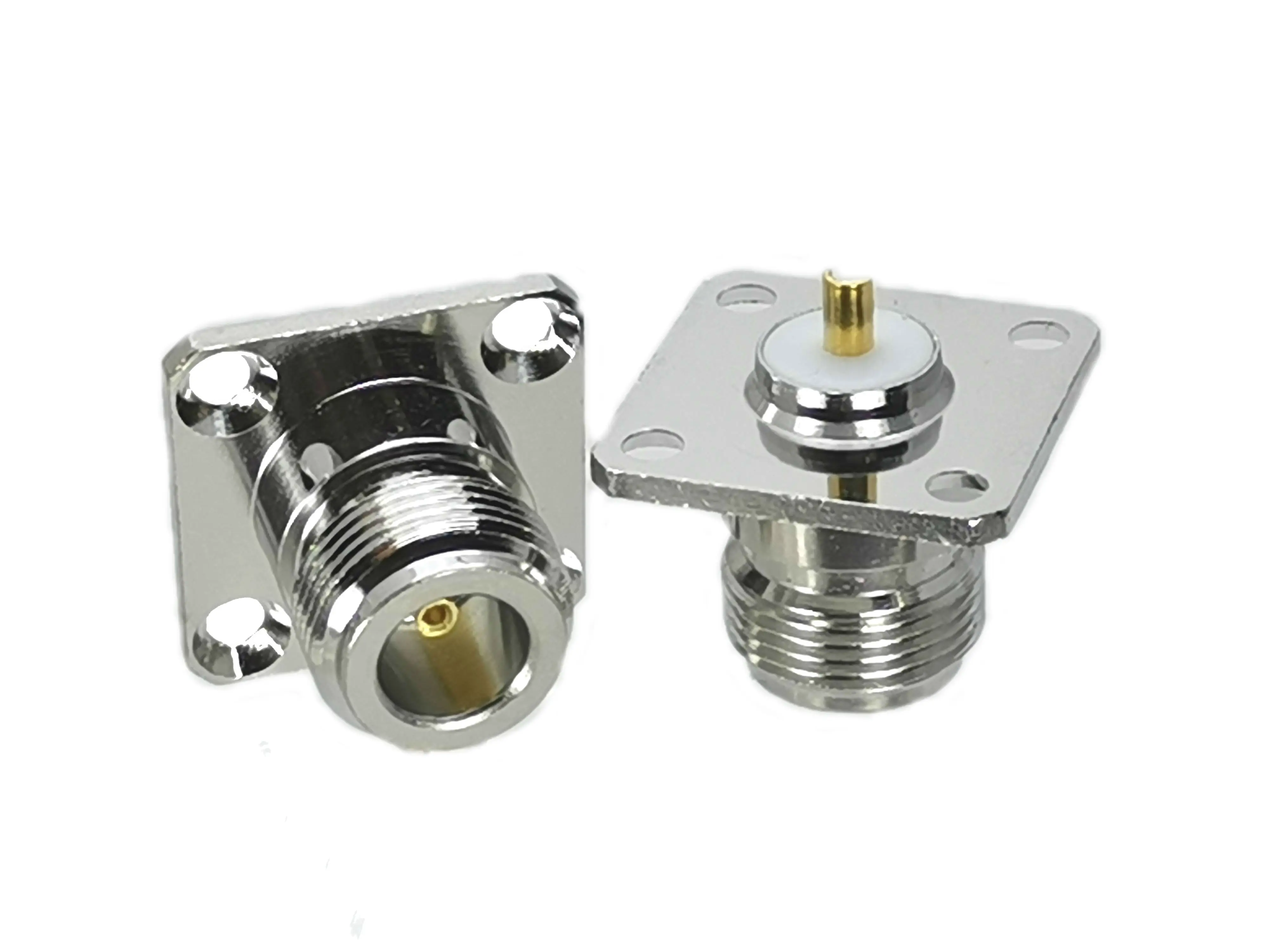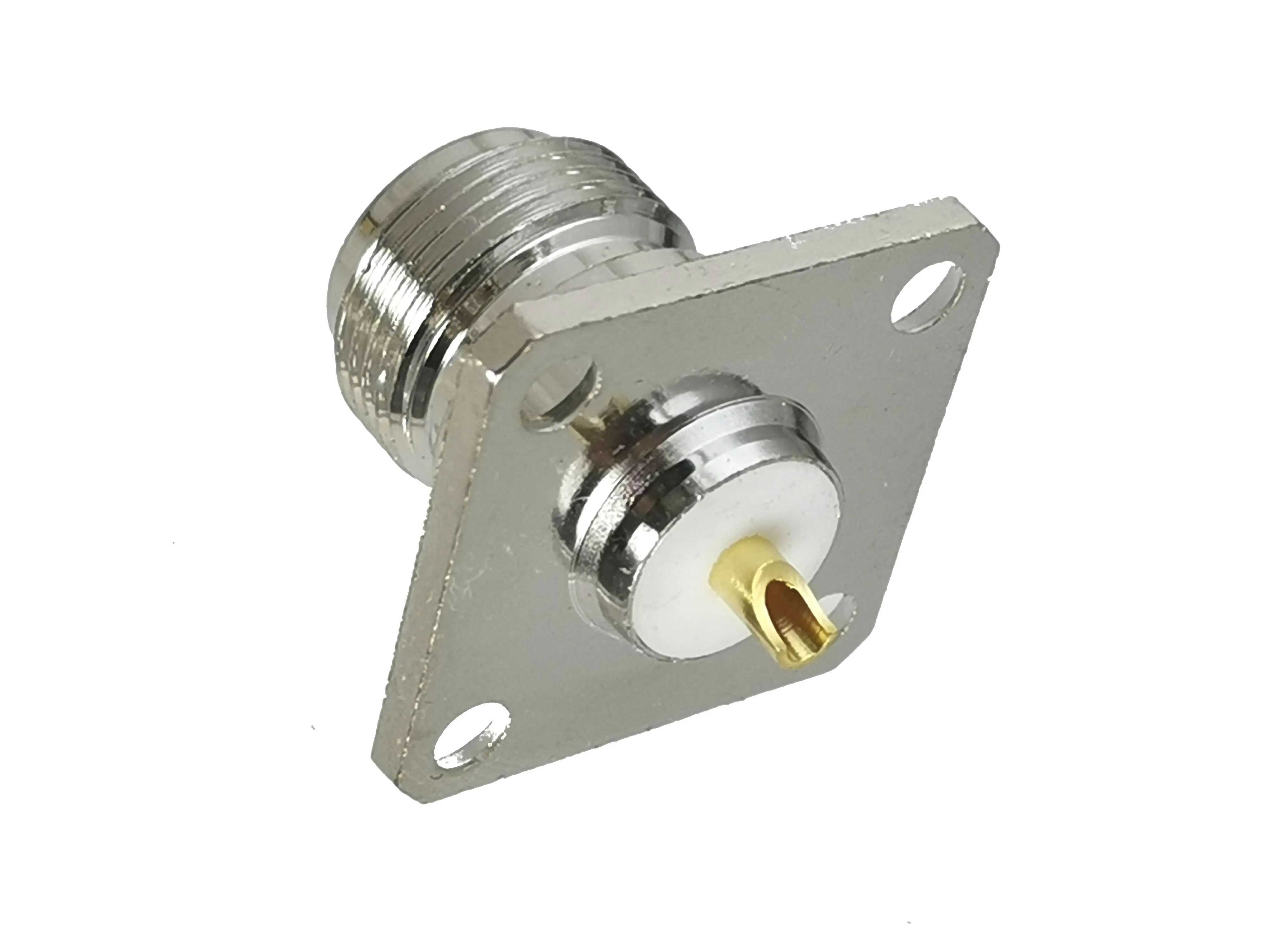 Conector hembra N, conector adaptador RF de montaje en panel de soldadura de brida de 4 agujeros, coaxial, recto, de alta calidad
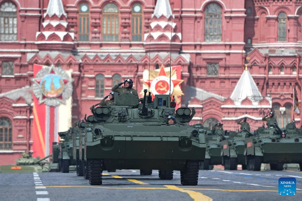 Infantry fighting vehicles march during a grand parade marking the 80th anniversary of the victory in the Soviet Union's Great Patriotic War in Moscow, Russia, May 9, 2025. (Xinhua/Lai Xiangdong)
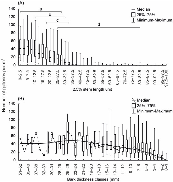 Density of Tomicus piniperda galleries on trap trees (Dataset D1). (A) Mean density of galleries for the successive 2.5% stem length unit; a, b, c, d means marked with different letters indicate that they are statistically significant (Kruskal–Wallis test, p < 0.05), (B) real (broken line) and smothed (solid line) distribution of gallery density for the successive bark thickness classes.
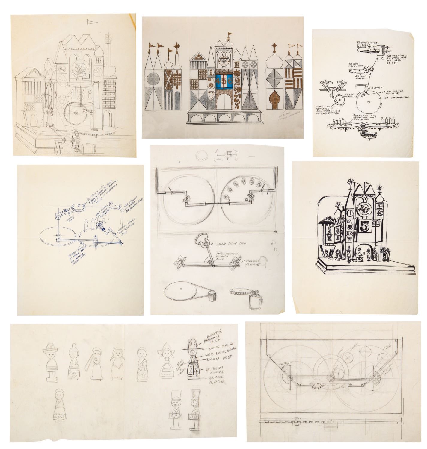 (Disneyland, c.2005) A collection of (14) drawings prepared for a Small World themed souvenir clock. The drawings are accomplished in graphite, pen, and colored pencil on vellum. Ranging from 18"x23.5" to 9.5"x5.25", the artwork is in overall very fine condition.
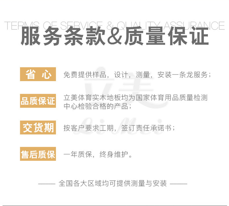 立美运动木地板贴心的服务体系、管理思维模式以及发展规划,将为更多体育场馆工程商和甲方打造精品运动空间,让更多热爱动动的人们能够在运动木地板上释放激情,体验快乐。这就是立美运动木地板的使命。
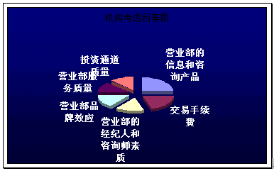 。。具筆者調(diào)查,現(xiàn)在對營業(yè)部盈利最大的是機(jī)構(gòu)客戶或者大額個(gè)人投資者,而隨著股市行情的低彌,他們在選取營業(yè)部的考慮因素主要關(guān)鍵點(diǎn)及其所占比例如下圖:
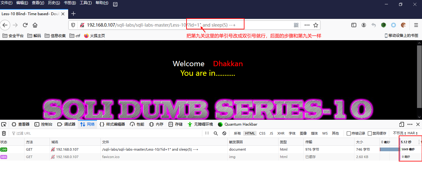 从题目来看,应该是get型的双引号的时间盲注,直接把第九关的单引号改成双引号就行,这里我就不说明了
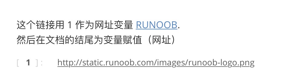 这个链接用 1 作为网址变量 [RUNOOB][1]. 然后在文档的结尾为变量赋值(网址) [1]: ../static/picture/logo.png
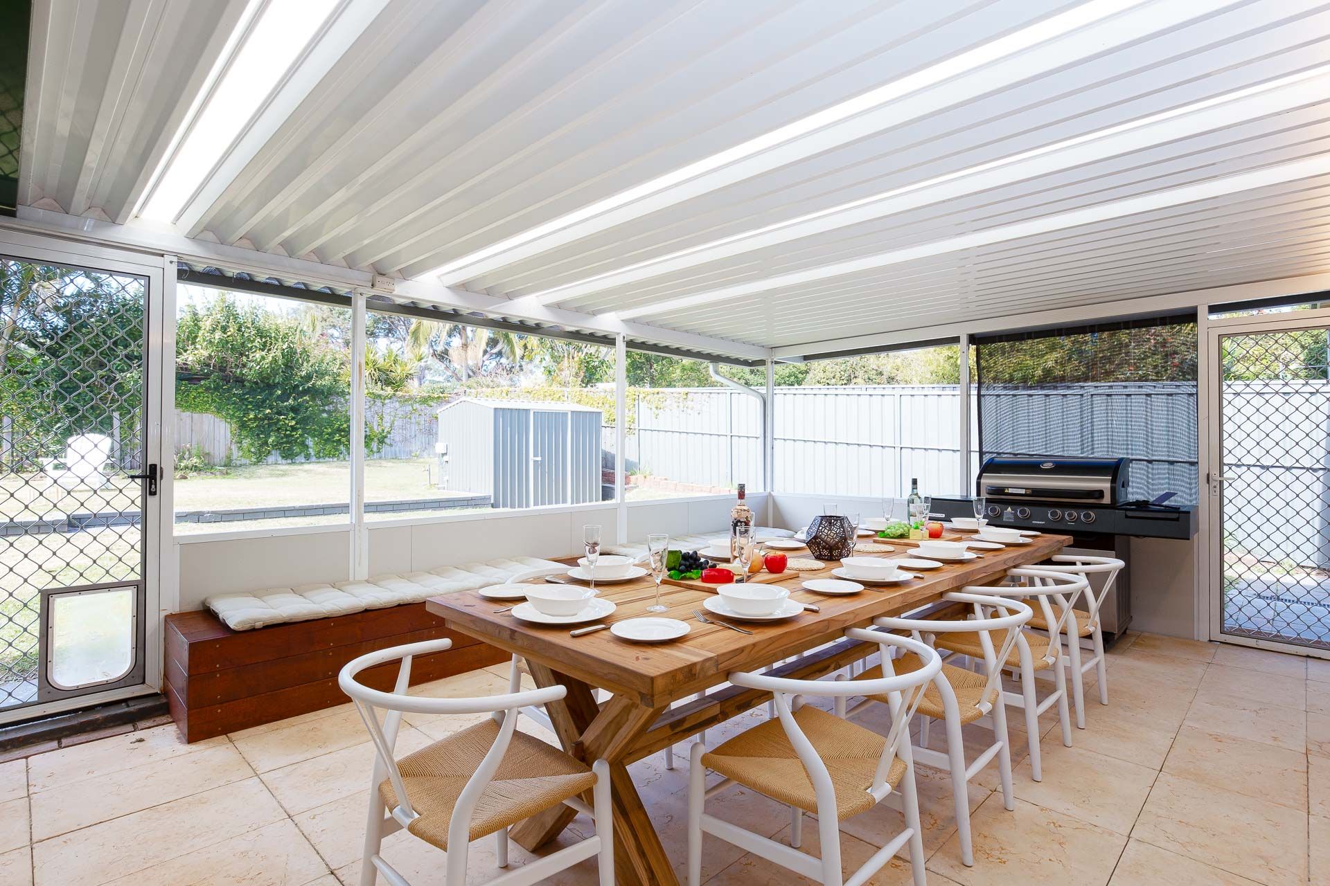 Sleeping 10 guests across 4 bedrooms, it is ideal for families, three bedrooms are located in the house and a sleep-out room which is accessible within the undercover outdoor entertaining area. All bedrooms have linen and bed making provided, ceiling fans and the master bedroom also providing an ensuite with a shower, toilet, and vanity.

• • • • • • •

Both ends included, copy word for word the lines from the top of the entries above through the line with "Infantry fighting vehicles". No pictures.

→ ANSWER TO THE EXERCISE
 Conector hembra N, conector adaptador RF de montaje en panel de soldadura de brida de 4 agujeros, coaxial, recto, de alta calidad
 Infantry fighting vehicles march during a grand parade marking the 80th anniversary of the victory in the Soviet Union's Great Patriotic War in Moscow, Russia, May 9, 2025. (Xinhua/Lai Xiangdong)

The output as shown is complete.